One of the first things that struck me in the atelier was a large felt hat forming a sort of centre on the ceiling. That was Gobelot's hat. It was there just because some of the boys had taken a dislike to it; in fact it was a priggish hat, and as Gobelot had a twitchy sort of a face that would work well under feelings of surprise and resentment, they thought they would like to watch him, from the first moment when he would miss his hat, to the last when he would discover its whereabouts.

It had got fixed on the ceiling with some difficulty, whilst its owner had fallen asleep by the stove. The model table was placed in the centre of the room, and the ladder held upright upon it by half-a-dozen sturdy arms; a light-weight clambered to the top and did the nailing.
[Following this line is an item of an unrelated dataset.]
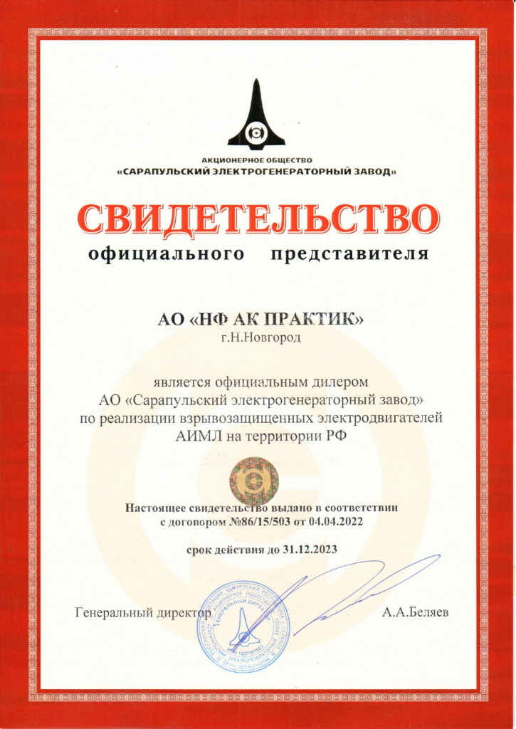 Свидетельство официального представителя АО "Сарапульский электрогенераторный завод"
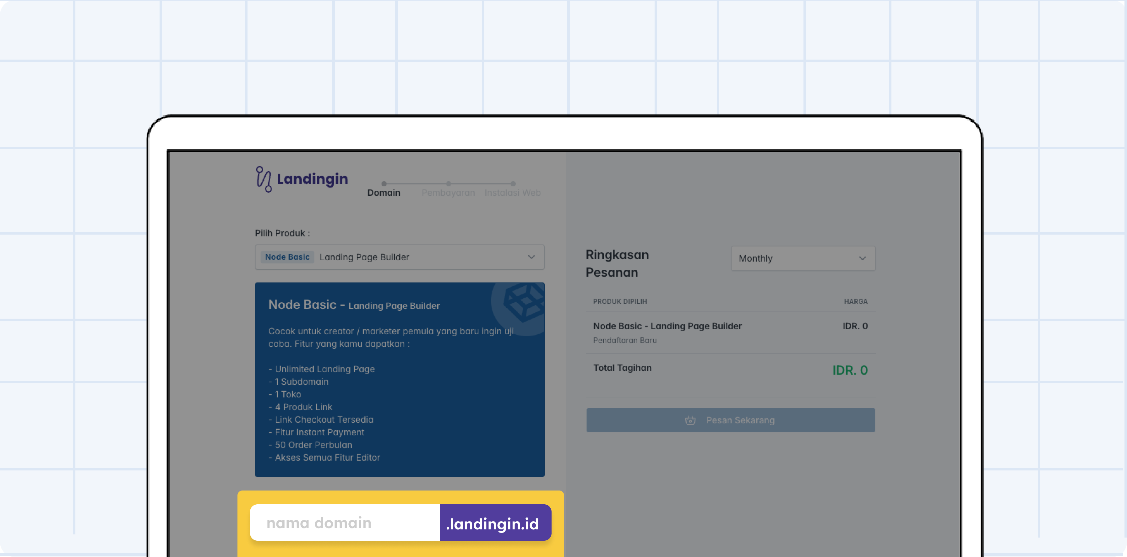Tentukan nama domain sebelum lanjut ke tahapan berikutnya, nama domain berupa subdomain contoh example.landingin.id, yang nantinya dapat kamu custom nama domain. dengan nama domain yang telah anda tentukan.

The result proved pre-eminently satisfactory to all except Gobelot, and even he, I think, after the lapse of a few months, got to be rather proud of the excelsiority accorded to his headgear.

This was by no means the first experience he had had of studio life. On his entrance into the Atelier Gleyre, he had set himself to draw the figure of Sinel, one of the leading models of the day, and had betrayed more self-confidence than was compatible with his position as a nouveau. He had been working for a couple of days, when Monsieur Gleyre came to visit his students. The bear-garden was suddenly transformed into a grave academy. Respectful silence and order prevailed, as the master passed from easel to easel, criticising here and encouraging there, and generally enunciating wise artistic saws for the benefit of the students. When Gobelot's turn came, he paused a while before he expressed an opinion on his work. At last he said kindly but firmly: "Young man, you have come to study with me, and it is my duty to advise you honestly and straight-forwardly. Believe me, devote all your attention to the human foot; learn to draw that correctly,—and then perhaps you may be successful as a bootmaker." Therewith he passed on to the neighbour. Shortly afterwards the real Monsieur Gleyre came in, for the whole thing was a plant, and Gobelot was officially introduced as the nouveau by the sham professor.

It is not a sinecure to be the nouveau. One is the butt of endless jokes, and has to take them meekly; one is at everybody's beck and call, to pick up a brush, or to run for a ha'porth of bread or a penn'orth of fried potatoes. When I was the new boy, I knew resistance was useless, so I served my time cheerfully, swallowing snakes, as the French call it, with apparent relish.